◆ Exercise
Set down every record below exactly as written, but leave out the pictures.

====== Material for the task

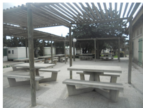
Le coin convivialité du camping

Voilà plusieurs années que nous vous parlons de l'achat d'une unité d'accueil en bord de mer. C'est un investissement important que nous ne voulions pas bâcler en achetant n'importe quoi.
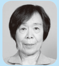
副委員長 日下 みや子 日本共産党
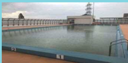
狛江第一小学校屋上プール写真 （プール清掃前）

プールには水をたくさん貯めておけるから、万が一火事が起きた時には貴重な水源になるんだよ！
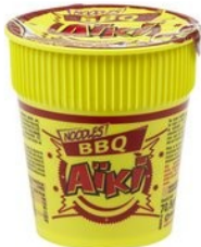
001-0202-008 Aiki BBQ Noodles € 2,30 70 Gram
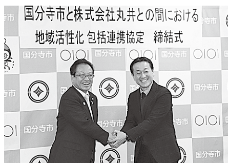
連携して取り組んでいきます

2月3日に、防災まちづくり推進地区第15号地区として、東恋ヶ窪4丁目自治会と協定を締結しました。同地区では、防災
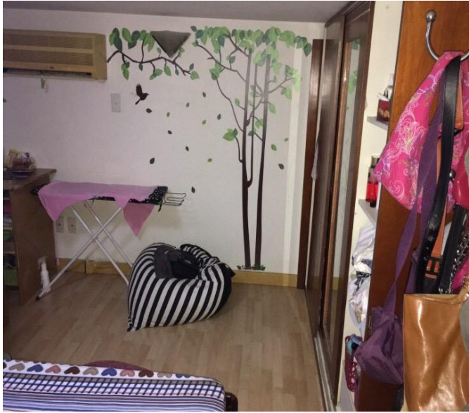
HÌNH ẢNH BÊN TRONG CĂN HỘ
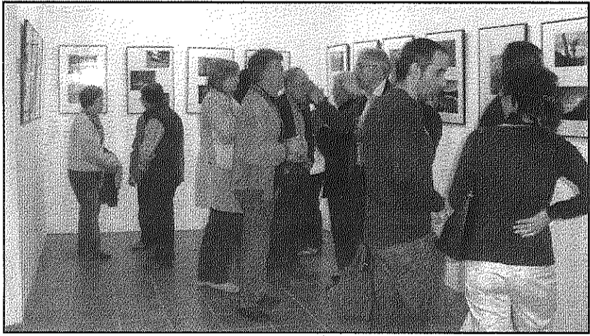
L'exposició del concurs es va inaugurar divendres a Can Ramis
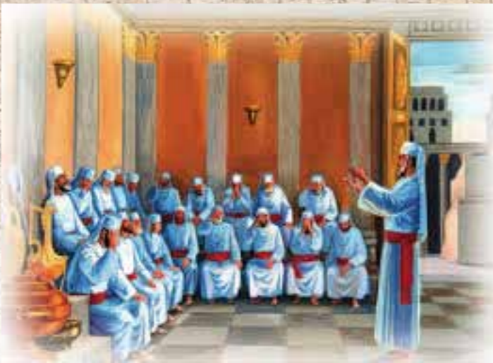
ציור לשכת הגזית באר"י בית מכוון המקדש

הגדול 18 , סנהדרין קטנה לכל שבט ושבט ולכל עיר ועיר, ובהסכמתם יוצאים למלחמת הרשות 19 .
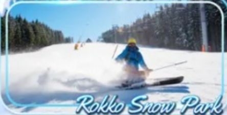
Rokko Snow Park
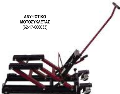
ΑΝΥΨΩΤΙΚΟ ΜΟΤΟΣΥΚΛΕΤΑΣ (62-17-000033)
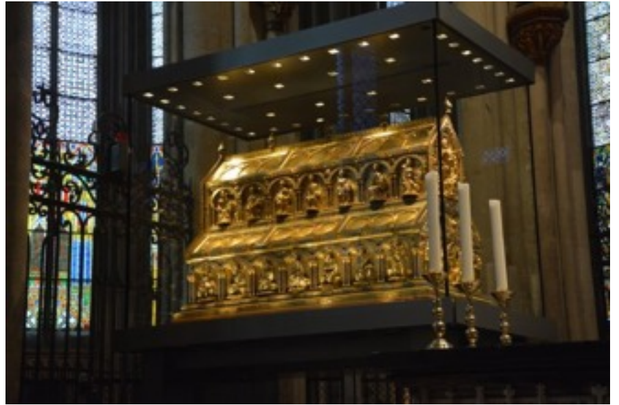
The Reliquary of Three Kings in the Cathedral.
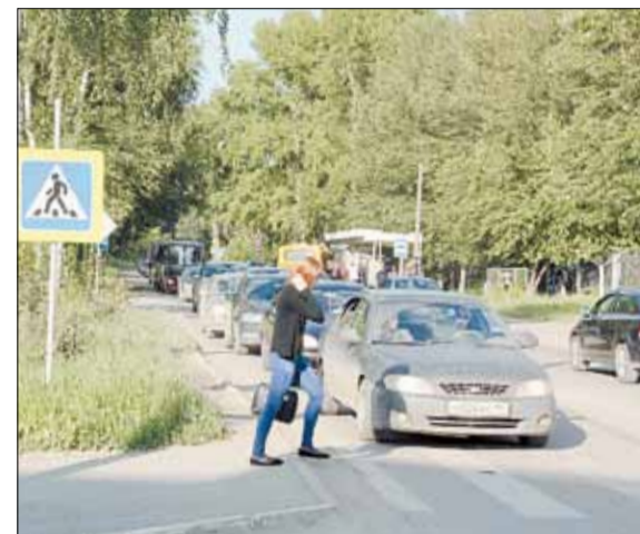
Пешеходный переход у центральной городской больницы заметно тормозит движение машин. Даже когда на перекрёстке загорается зелёный сигнал светофора, автомобили вынуждены стоять, пропуская пешеходов

============

◆ Answer to this problem
Le coin convivialité du camping

Voilà plusieurs années que nous vous parlons de l'achat d'une unité d'accueil en bord de mer. C'est un investissement important que nous ne voulions pas bâcler en achetant n'importe quoi.
副委員長 日下 みや子 日本共産党
狛江第一小学校屋上プール写真 （プール清掃前）

プールには水をたくさん貯めておけるから、万が一火事が起きた時には貴重な水源になるんだよ！
001-0202-008 Aiki BBQ Noodles € 2,30 70 Gram
連携して取り組んでいきます

2月3日に、防災まちづくり推進地区第15号地区として、東恋ヶ窪4丁目自治会と協定を締結しました。同地区では、防災
HÌNH ẢNH BÊN TRONG CĂN HỘ
L'exposició del concurs es va inaugurar divendres a Can Ramis
ציור לשכת הגזית באר"י בית מכוון המקדש

הגדול 18 , סנהדרין קטנה לכל שבט ושבט ולכל עיר ועיר, ובהסכמתם יוצאים למלחמת הרשות 19 .
Rokko Snow Park
ΑΝΥΨΩΤΙΚΟ ΜΟΤΟΣΥΚΛΕΤΑΣ (62-17-000033)
The Reliquary of Three Kings in the Cathedral.
Пешеходный переход у центральной городской больницы заметно тормозит движение машин. Даже когда на перекрёстке загорается зелёный сигнал светофора, автомобили вынуждены стоять, пропуская пешеходов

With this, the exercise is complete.